:: Exercise instructions ::
Under this line sits a listing. Repeat exactly and only its lines from the one holding "(图:这是免费饮用水,边上还" through the one holding "IMPORTANTE: Con la"; skip pictures.

:: Listed records ::
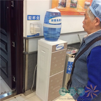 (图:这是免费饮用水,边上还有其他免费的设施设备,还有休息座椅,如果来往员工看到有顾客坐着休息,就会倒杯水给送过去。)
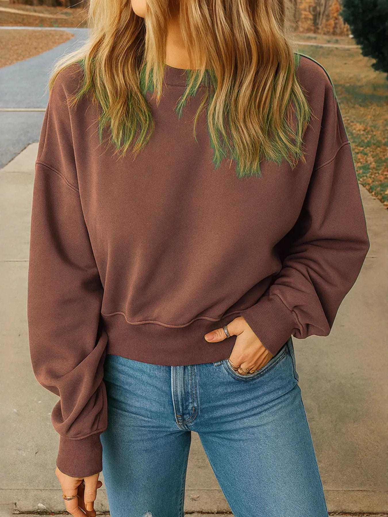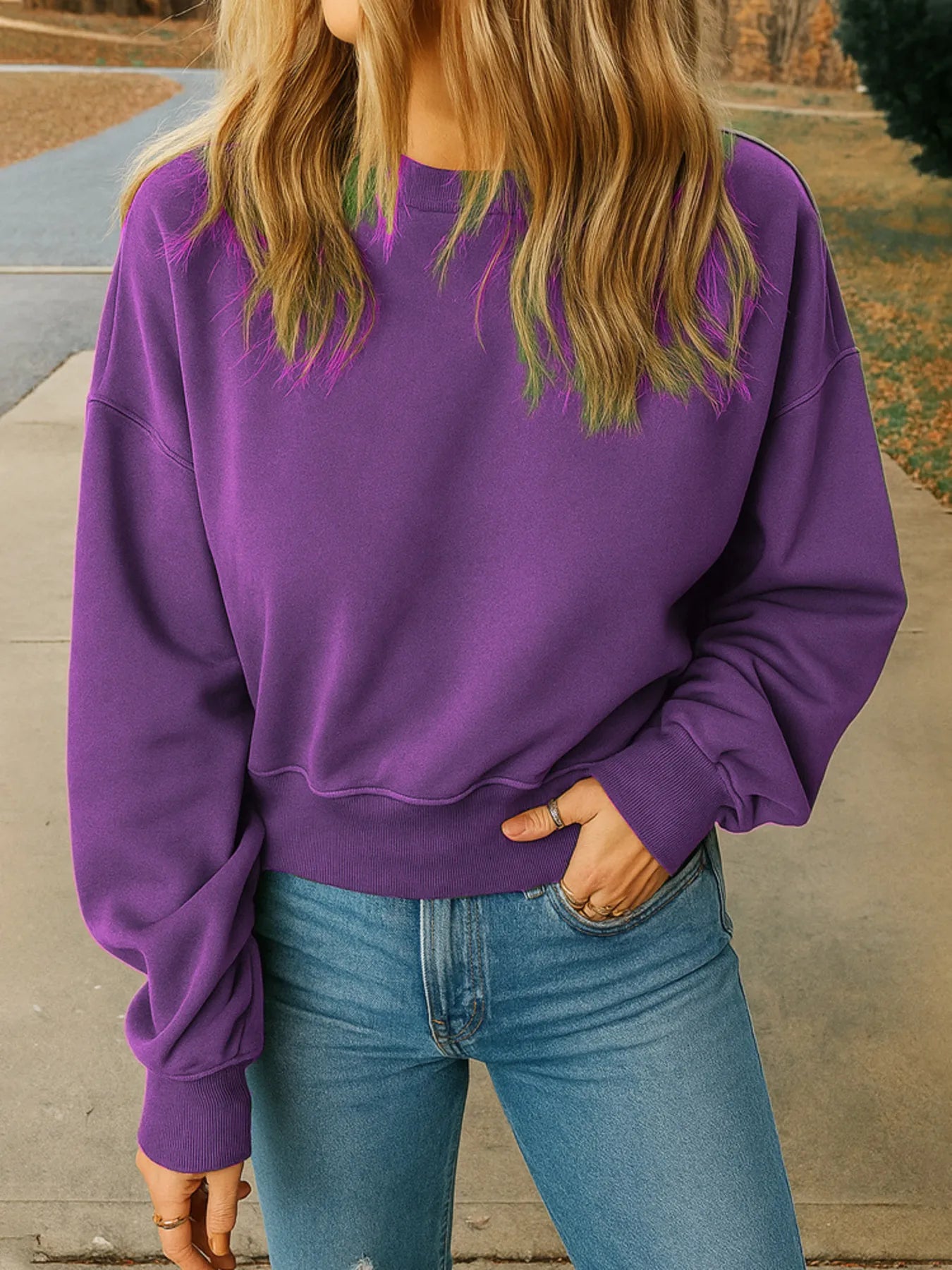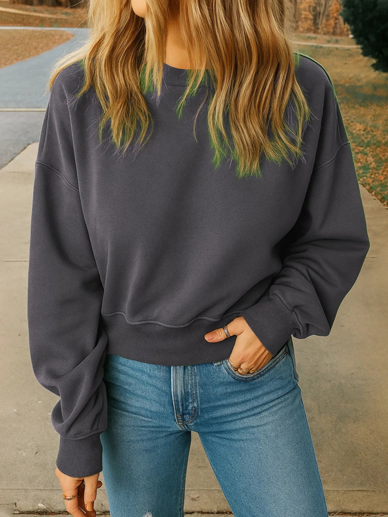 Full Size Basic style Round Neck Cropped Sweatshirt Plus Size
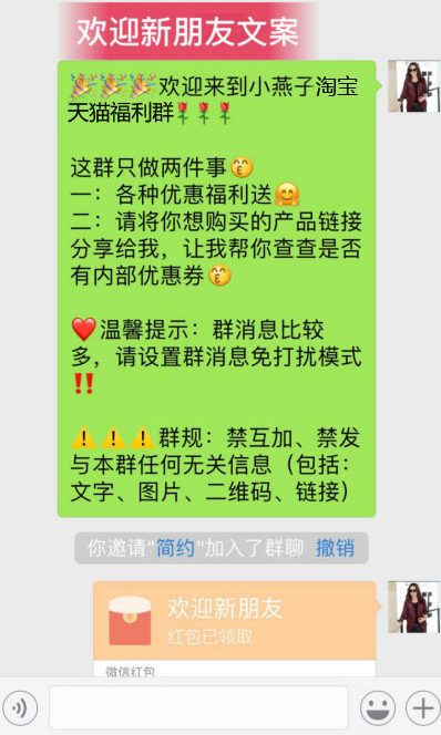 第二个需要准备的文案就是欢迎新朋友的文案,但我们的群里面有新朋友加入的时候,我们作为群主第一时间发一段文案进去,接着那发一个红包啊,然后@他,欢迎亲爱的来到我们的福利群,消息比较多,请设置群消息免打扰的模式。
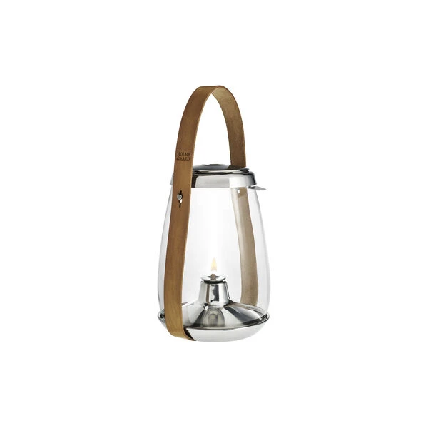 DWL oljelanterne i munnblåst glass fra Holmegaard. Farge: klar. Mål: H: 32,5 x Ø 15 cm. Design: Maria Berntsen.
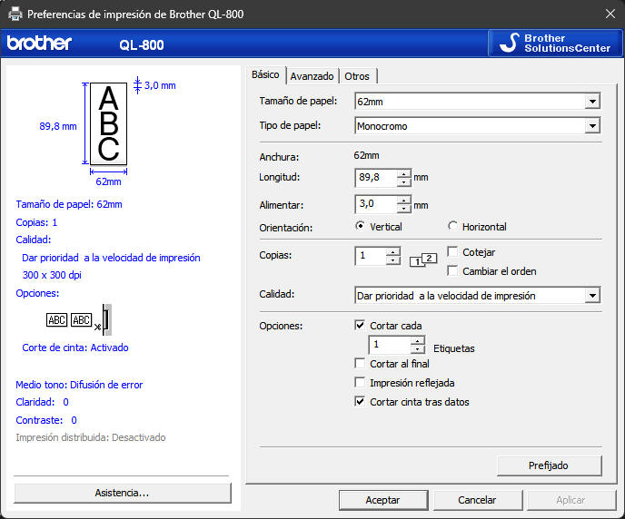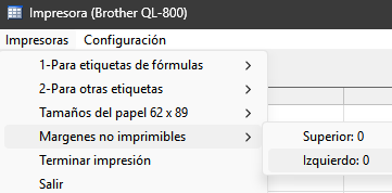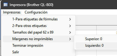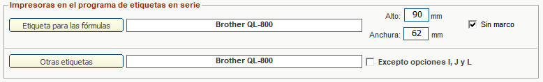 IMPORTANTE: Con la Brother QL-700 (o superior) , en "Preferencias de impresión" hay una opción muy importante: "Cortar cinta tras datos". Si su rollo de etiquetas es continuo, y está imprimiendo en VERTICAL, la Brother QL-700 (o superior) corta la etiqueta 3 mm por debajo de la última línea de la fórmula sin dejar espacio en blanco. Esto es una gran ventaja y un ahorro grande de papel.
---
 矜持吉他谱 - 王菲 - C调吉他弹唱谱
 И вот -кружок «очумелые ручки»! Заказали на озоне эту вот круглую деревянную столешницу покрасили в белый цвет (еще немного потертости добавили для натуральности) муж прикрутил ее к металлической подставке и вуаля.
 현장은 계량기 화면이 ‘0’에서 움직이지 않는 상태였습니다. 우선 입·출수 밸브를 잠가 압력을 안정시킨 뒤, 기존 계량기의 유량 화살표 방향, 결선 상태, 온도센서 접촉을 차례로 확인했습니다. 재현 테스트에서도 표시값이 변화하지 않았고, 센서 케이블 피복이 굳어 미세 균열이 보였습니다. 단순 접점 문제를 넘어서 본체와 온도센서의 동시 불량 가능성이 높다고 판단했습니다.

:: Exercise answer ::
 (图:这是免费饮用水,边上还有其他免费的设施设备,还有休息座椅,如果来往员工看到有顾客坐着休息,就会倒杯水给送过去。)
 Full Size Basic style Round Neck Cropped Sweatshirt Plus Size
 第二个需要准备的文案就是欢迎新朋友的文案,但我们的群里面有新朋友加入的时候,我们作为群主第一时间发一段文案进去,接着那发一个红包啊,然后@他,欢迎亲爱的来到我们的福利群,消息比较多,请设置群消息免打扰的模式。
 DWL oljelanterne i munnblåst glass fra Holmegaard. Farge: klar. Mål: H: 32,5 x Ø 15 cm. Design: Maria Berntsen.
 IMPORTANTE: Con la Brother QL-700 (o superior) , en "Preferencias de impresión" hay una opción muy importante: "Cortar cinta tras datos". Si su rollo de etiquetas es continuo, y está imprimiendo en VERTICAL, la Brother QL-700 (o superior) corta la etiqueta 3 mm por debajo de la última línea de la fórmula sin dejar espacio en blanco. Esto es una gran ventaja y un ahorro grande de papel.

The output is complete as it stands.